## Linear regression with confidence intervals.

| categories: | tags:

Matlab post Fit a fourth order polynomial to this data and determine the confidence interval for each parameter. Data from example 5-1 in Fogler, Elements of Chemical Reaction Engineering.

We want the equation $$Ca(t) = b0 + b1*t + b2*t^2 + b3*t^3 + b4*t^4$$ fit to the data in the least squares sense. We can write this in a linear algebra form as: T*p = Ca where T is a matrix of columns [1 t t^2 t^3 t^4], and p is a column vector of the fitting parameters. We want to solve for the p vector and estimate the confidence intervals.

import numpy as np
from scipy.stats.distributions import  t

time = np.array([0.0, 50.0, 100.0, 150.0, 200.0, 250.0, 300.0])
Ca = np.array([50.0, 38.0, 30.6, 25.6, 22.2, 19.5, 17.4])*1e-3

T = np.column_stack([time**0, time, time**2, time**3, time**4])

p, res, rank, s = np.linalg.lstsq(T, Ca)
# the parameters are now in p

# compute the confidence intervals
n = len(Ca)
k = len(p)

sigma2 = np.sum((Ca - np.dot(T, p))**2) / (n - k)  # RMSE

C = sigma2 * np.linalg.inv(np.dot(T.T, T)) # covariance matrix
se = np.sqrt(np.diag(C)) # standard error

alpha = 0.05 # 100*(1 - alpha) confidence level

sT = t.ppf(1.0 - alpha/2.0, n - k) # student T multiplier
CI = sT * se

for beta, ci in zip(p, CI):
print '{2: 1.2e} [{0: 1.4e} {1: 1.4e}]'.format(beta - ci, beta + ci, beta)

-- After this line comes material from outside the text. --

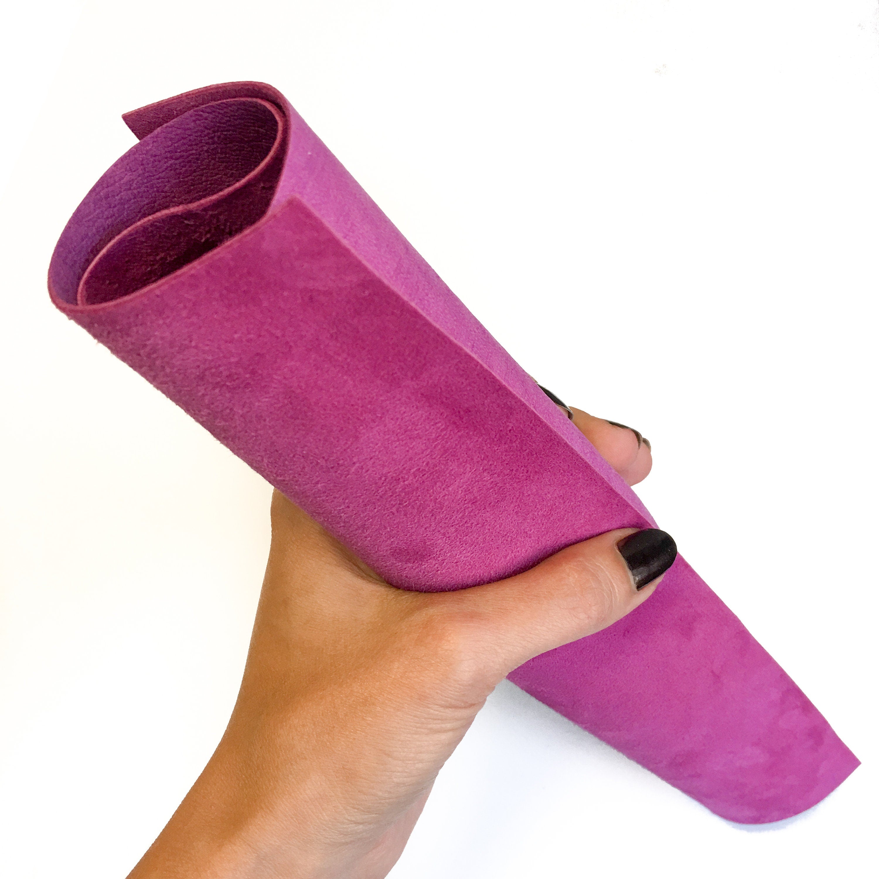 BRIGHT PURPLE SUEDE SHEETS Fuchsia Genuine Lambskin suede. Purple velour for sewing, earrings and other cool projects! "VIVID VIOLA" Name: VIVID VIOLA Code: 402(18-3339)0.8 Color: Pink Pantone: 18-3339 TPG Thickness (mm/oz) : 0.8 mm/ 2 oz Sold per piece - 1 sheet We offer other *SHEETS* at sizes: 6x6 inches (or 15x15 cm) 8x10 inches (20x25 cm almost A4 size) 12x12 inches (25x25 cm) 12x18 inches (30x45 cm or bit larger than A3 size) *MATERIAL* -Bright purple suede, genuine lambskin leather sheets. Real lambskin leather material. Beautiful, soft suede fabric for sewing and handcrafting. Hot Pink Velour from Italy. Perfect suede material for earring making, leather crafts that require soft and pliable suede in bright neon purple color -Please note that genuine leather is natural and part of an animal, scars and imperfections are all part of its character and personality. As every animal is different there aren't too identical pieces of leather in the world. *COLOR* -We do our best to match color and lightning of each skin, please be aware they might not correspond exactly to the ones in the pictures due to the many factors that can distort it (light, display, camera). We use Pantone TPG guide to determine exact color. *SHIPPING & HANDLING* Sheets are packed carefully to avoid crumbling. We ship within 1-3 days after receiving your order. STANDARD International Delivery from Europe: *to Europe - approx. 7 - 21 days. *outside Europe - approx. 10 - 30 days (including USA) EXPRESS DELIVERY (Please send us your PHONE number in DM or add a NOTE at checkout): *Choose Shipping Upgrade *Delivered in 2 - 5 days. >>>Express delivery INCLUDED buying 4 or more whole hides<<< Thank YOU for doing business with Leather AA shop and loving quality Italian leather!

SS_tot = np.sum((Ca - np.mean(Ca))**2)
SS_err = np.sum((np.dot(T, p) - Ca)**2)

#  http://en.wikipedia.org/wiki/Coefficient_of_determination
Rsq = 1 - SS_err/SS_tot
print 'R^2 = {0}'.format(Rsq)

# plot fit
import matplotlib.pyplot as plt
plt.plot(time, Ca, 'bo', label='raw data')
plt.plot(time, np.dot(T, p), 'r-', label='fit')
plt.xlabel('Time')
plt.ylabel('Ca (mol/L)')
plt.legend(loc='best')
plt.savefig('images/linregress-conf.png')

 5.00e-02 [ 4.9680e-02  5.0300e-02]
-2.98e-04 [-3.1546e-04 -2.8023e-04]
1.34e-06 [ 1.0715e-06  1.6155e-06]
-3.48e-09 [-4.9032e-09 -2.0665e-09]
3.70e-12 [ 1.3501e-12  6.0439e-12]
R^2 = 0.999986967246 A fourth order polynomial fits the data well, with a good R^2 value. All of the parameters appear to be significant, i.e. zero is not included in any of the parameter confidence intervals. This does not mean this is the best model for the data, just that the model fits well.